**ASSIGNMENT**
Go to the line below that has "شکل ۱- حصارکشی اطراف سالن‌های مرغداری", print it and each line after it exactly, and stop after the line that has "Le site de l'OCP"; leave out pictures.

[Dataset items]
——

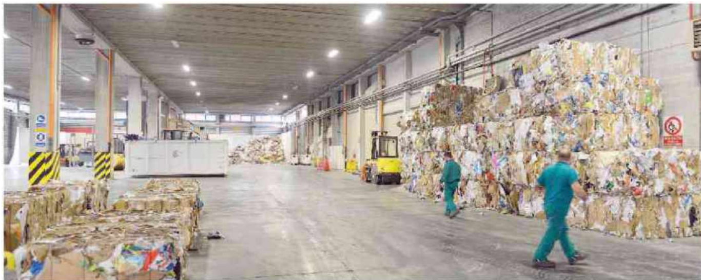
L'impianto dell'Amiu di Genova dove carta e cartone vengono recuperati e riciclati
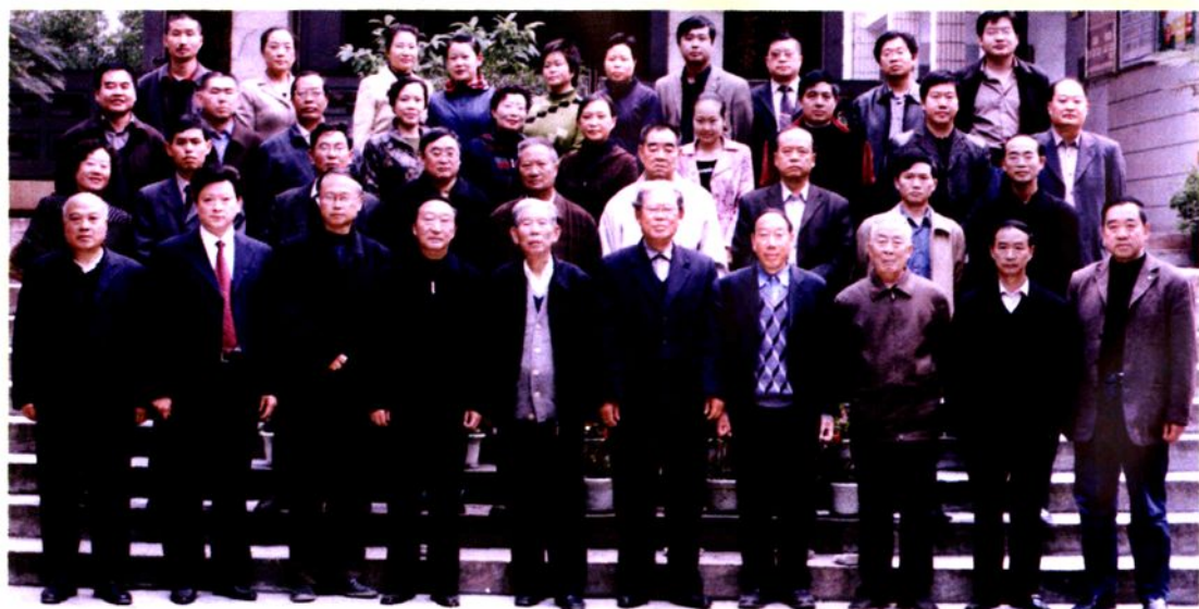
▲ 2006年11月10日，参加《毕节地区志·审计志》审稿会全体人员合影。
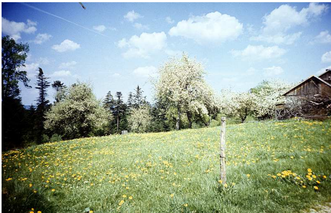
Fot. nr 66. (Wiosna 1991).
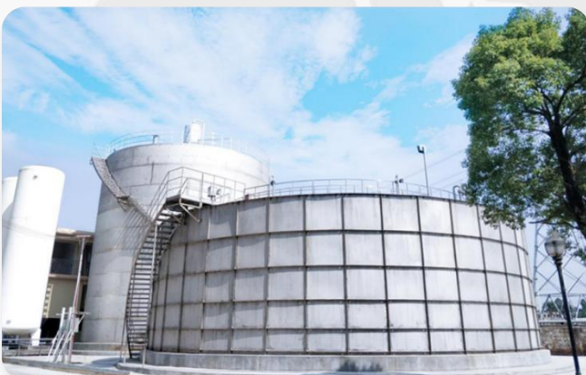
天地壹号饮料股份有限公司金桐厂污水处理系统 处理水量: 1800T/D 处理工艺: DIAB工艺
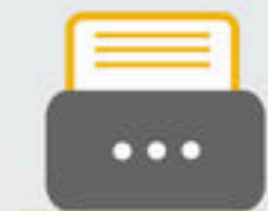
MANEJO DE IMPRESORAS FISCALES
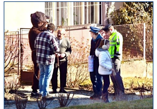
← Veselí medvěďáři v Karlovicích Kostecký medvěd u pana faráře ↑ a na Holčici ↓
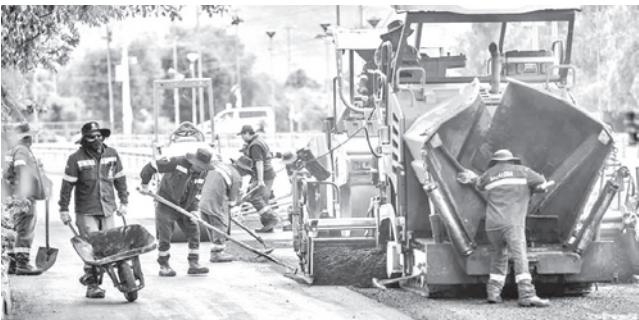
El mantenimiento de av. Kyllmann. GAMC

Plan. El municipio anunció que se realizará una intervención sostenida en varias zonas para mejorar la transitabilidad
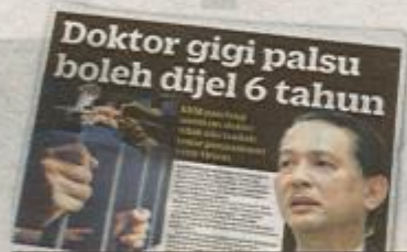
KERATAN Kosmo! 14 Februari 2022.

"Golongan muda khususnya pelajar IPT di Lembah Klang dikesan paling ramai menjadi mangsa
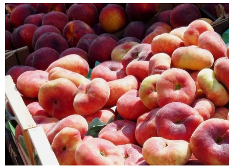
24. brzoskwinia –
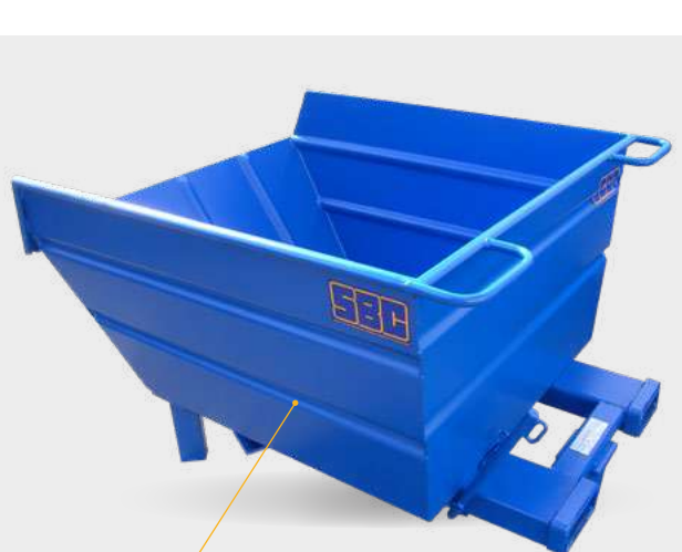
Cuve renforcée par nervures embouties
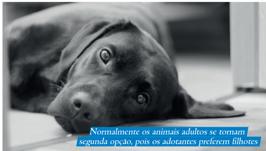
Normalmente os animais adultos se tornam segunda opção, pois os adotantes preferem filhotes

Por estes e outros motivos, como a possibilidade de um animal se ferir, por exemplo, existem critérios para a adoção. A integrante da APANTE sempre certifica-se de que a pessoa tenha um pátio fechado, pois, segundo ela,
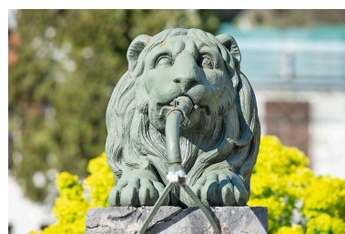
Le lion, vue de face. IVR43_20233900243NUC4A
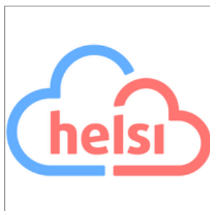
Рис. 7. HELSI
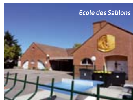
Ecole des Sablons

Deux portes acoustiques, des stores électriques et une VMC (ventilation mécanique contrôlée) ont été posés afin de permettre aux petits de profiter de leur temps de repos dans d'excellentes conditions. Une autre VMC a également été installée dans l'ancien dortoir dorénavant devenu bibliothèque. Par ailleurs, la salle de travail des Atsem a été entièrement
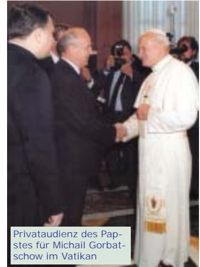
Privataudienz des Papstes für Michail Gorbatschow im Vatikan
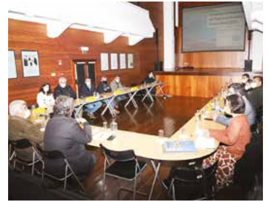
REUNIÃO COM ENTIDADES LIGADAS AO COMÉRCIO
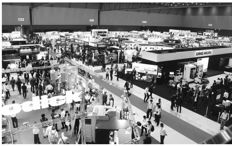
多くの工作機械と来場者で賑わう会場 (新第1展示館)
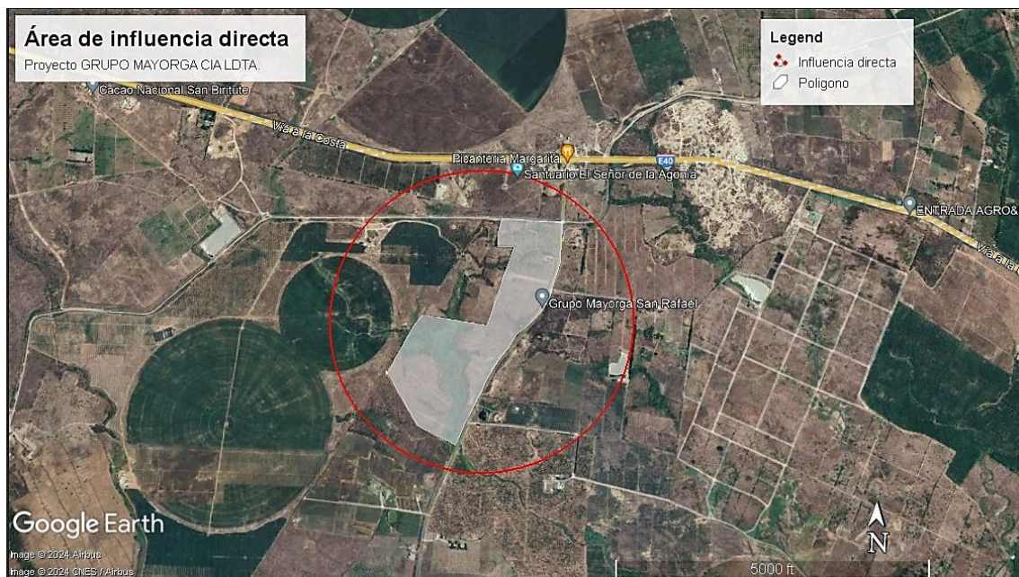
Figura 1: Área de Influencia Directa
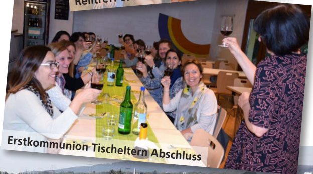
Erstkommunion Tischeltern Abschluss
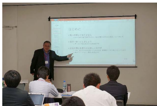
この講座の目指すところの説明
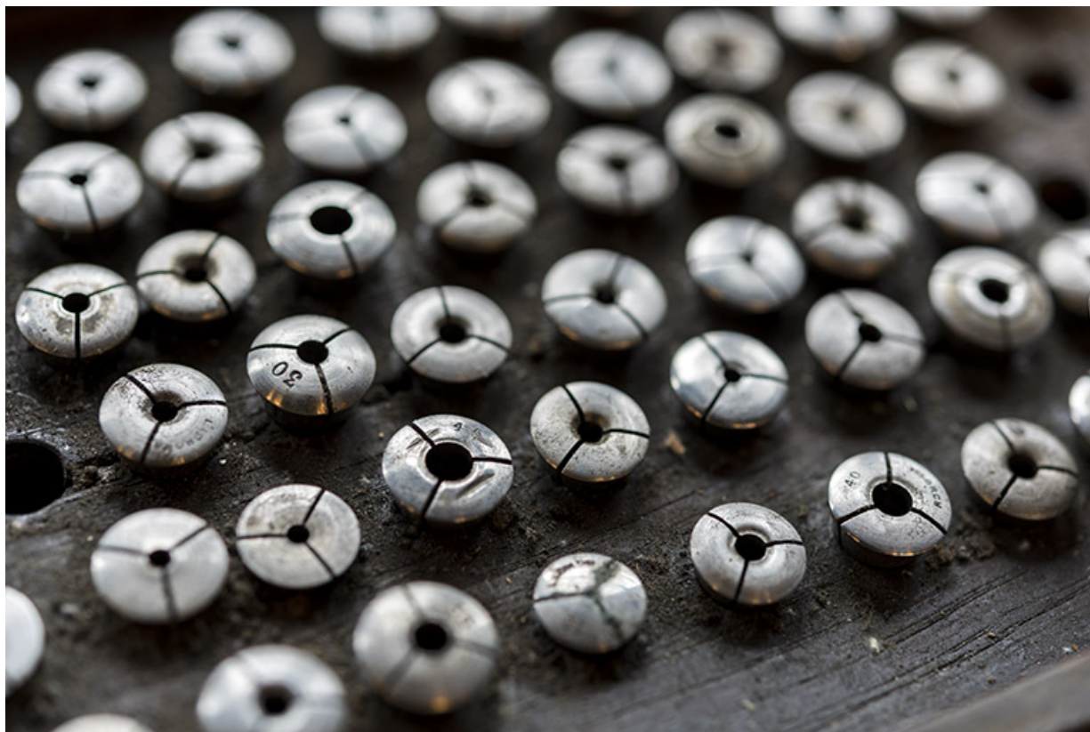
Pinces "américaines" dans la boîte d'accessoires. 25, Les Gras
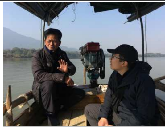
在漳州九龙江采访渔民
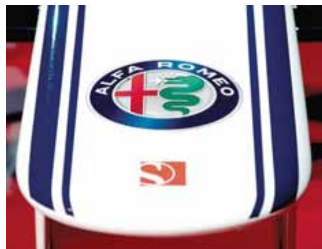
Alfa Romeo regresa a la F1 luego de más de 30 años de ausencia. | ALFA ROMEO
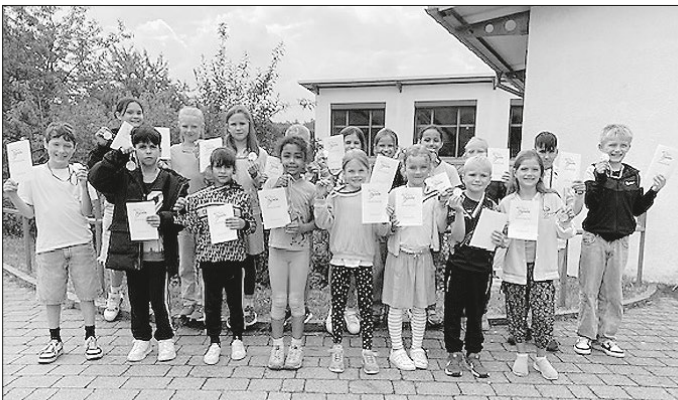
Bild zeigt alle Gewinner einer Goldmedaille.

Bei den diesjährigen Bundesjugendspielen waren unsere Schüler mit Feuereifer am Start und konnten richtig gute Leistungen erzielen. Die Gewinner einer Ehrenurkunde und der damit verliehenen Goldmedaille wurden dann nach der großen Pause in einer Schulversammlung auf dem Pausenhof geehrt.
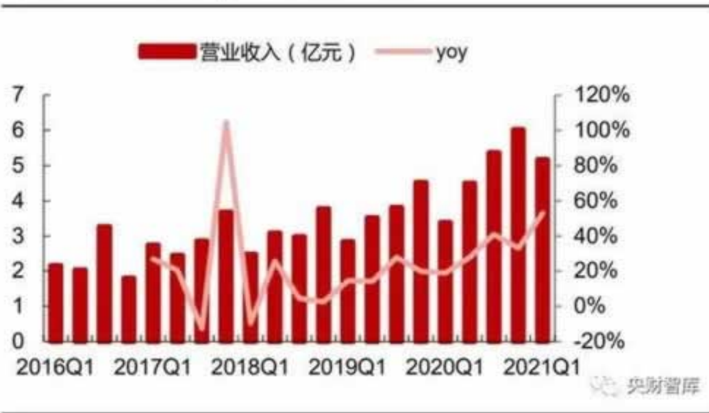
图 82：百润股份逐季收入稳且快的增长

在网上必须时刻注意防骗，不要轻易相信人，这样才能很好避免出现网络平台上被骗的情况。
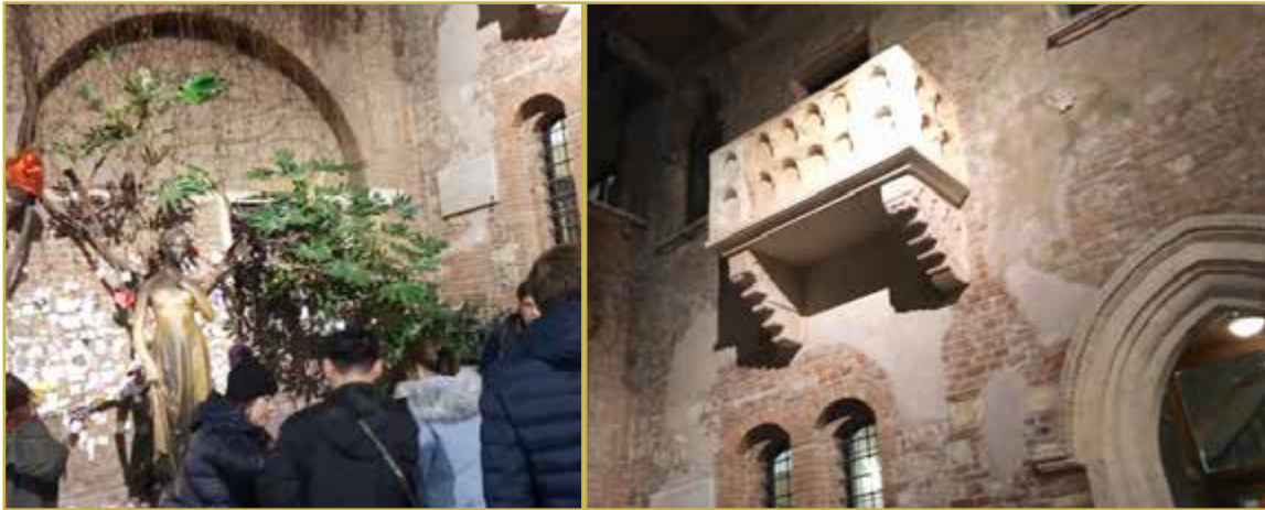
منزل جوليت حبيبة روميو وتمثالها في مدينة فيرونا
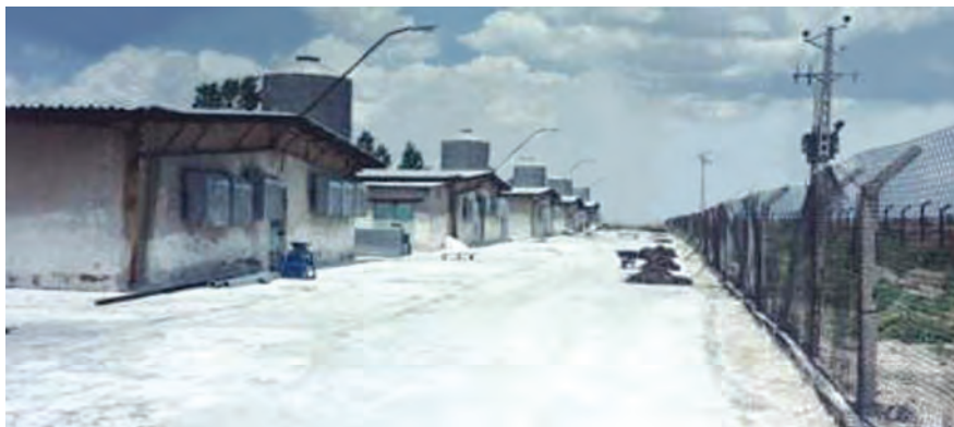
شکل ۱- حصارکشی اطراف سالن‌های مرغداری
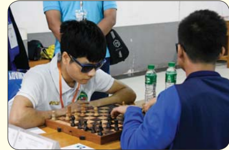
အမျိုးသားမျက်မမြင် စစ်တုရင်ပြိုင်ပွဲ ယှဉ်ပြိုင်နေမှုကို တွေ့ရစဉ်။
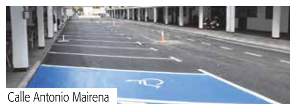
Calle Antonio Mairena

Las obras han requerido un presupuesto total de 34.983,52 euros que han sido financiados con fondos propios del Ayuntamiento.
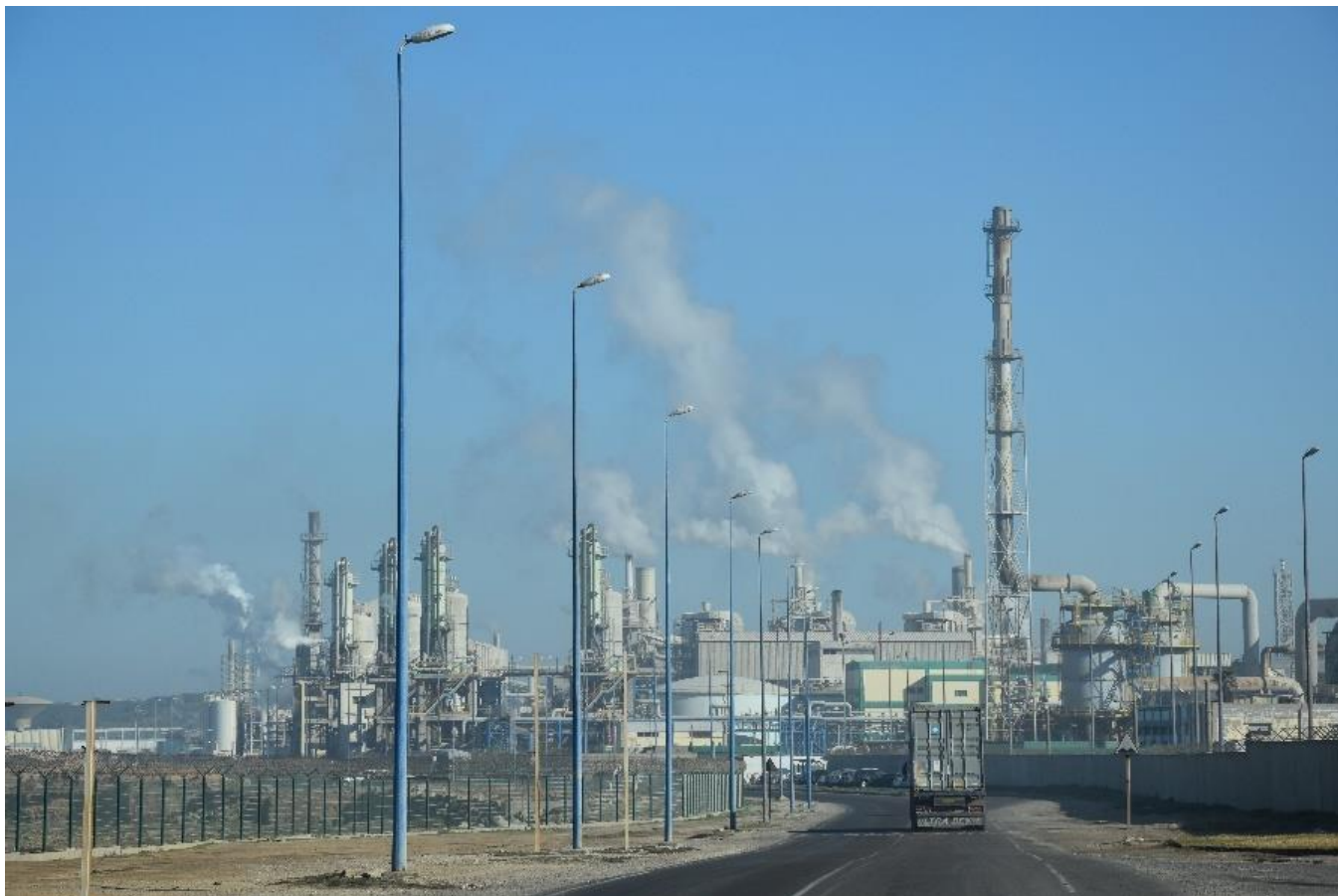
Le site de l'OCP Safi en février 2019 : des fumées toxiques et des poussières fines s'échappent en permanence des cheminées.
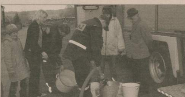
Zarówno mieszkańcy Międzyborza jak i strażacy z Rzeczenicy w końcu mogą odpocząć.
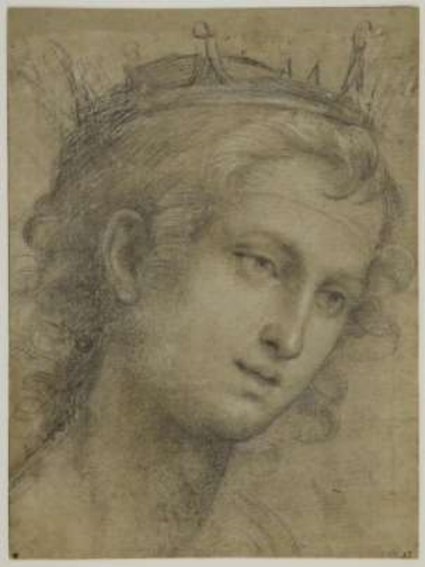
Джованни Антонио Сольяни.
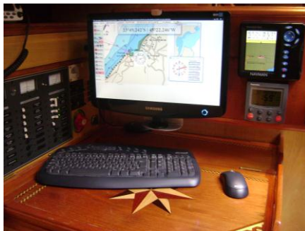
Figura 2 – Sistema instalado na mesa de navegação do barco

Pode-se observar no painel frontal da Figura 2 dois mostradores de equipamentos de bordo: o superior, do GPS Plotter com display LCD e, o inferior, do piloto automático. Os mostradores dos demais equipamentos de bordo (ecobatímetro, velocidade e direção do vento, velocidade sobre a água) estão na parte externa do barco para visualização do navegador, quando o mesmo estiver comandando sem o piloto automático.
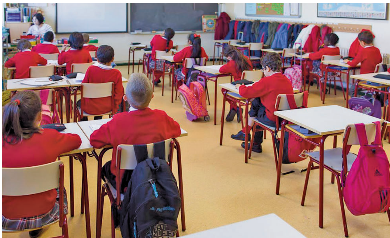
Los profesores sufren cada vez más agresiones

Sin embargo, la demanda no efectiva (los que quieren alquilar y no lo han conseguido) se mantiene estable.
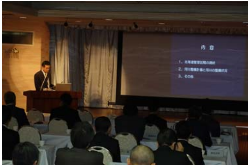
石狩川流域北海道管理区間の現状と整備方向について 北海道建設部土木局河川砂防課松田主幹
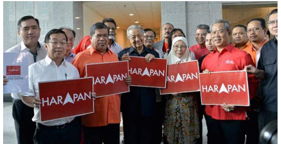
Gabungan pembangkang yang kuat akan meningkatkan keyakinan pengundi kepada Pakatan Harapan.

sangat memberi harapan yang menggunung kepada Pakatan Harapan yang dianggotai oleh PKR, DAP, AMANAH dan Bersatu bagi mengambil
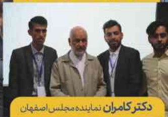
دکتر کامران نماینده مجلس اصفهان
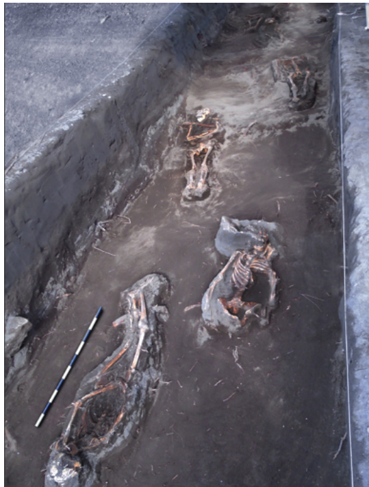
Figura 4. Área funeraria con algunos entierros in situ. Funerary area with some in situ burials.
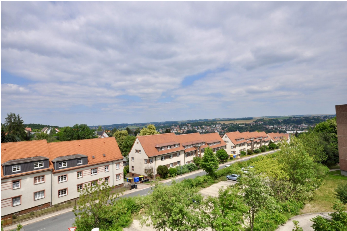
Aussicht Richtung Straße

——

**ANSWER BELOW**
شکل ۱- حصارکشی اطراف سالن‌های مرغداری
အမျိုးသားမျက်မမြင် စစ်တုရင်ပြိုင်ပွဲ ယှဉ်ပြိုင်နေမှုကို တွေ့ရစဉ်။
Calle Antonio Mairena

Las obras han requerido un presupuesto total de 34.983,52 euros que han sido financiados con fondos propios del Ayuntamiento.
Le site de l'OCP Safi en février 2019 : des fumées toxiques et des poussières fines s'échappent en permanence des cheminées.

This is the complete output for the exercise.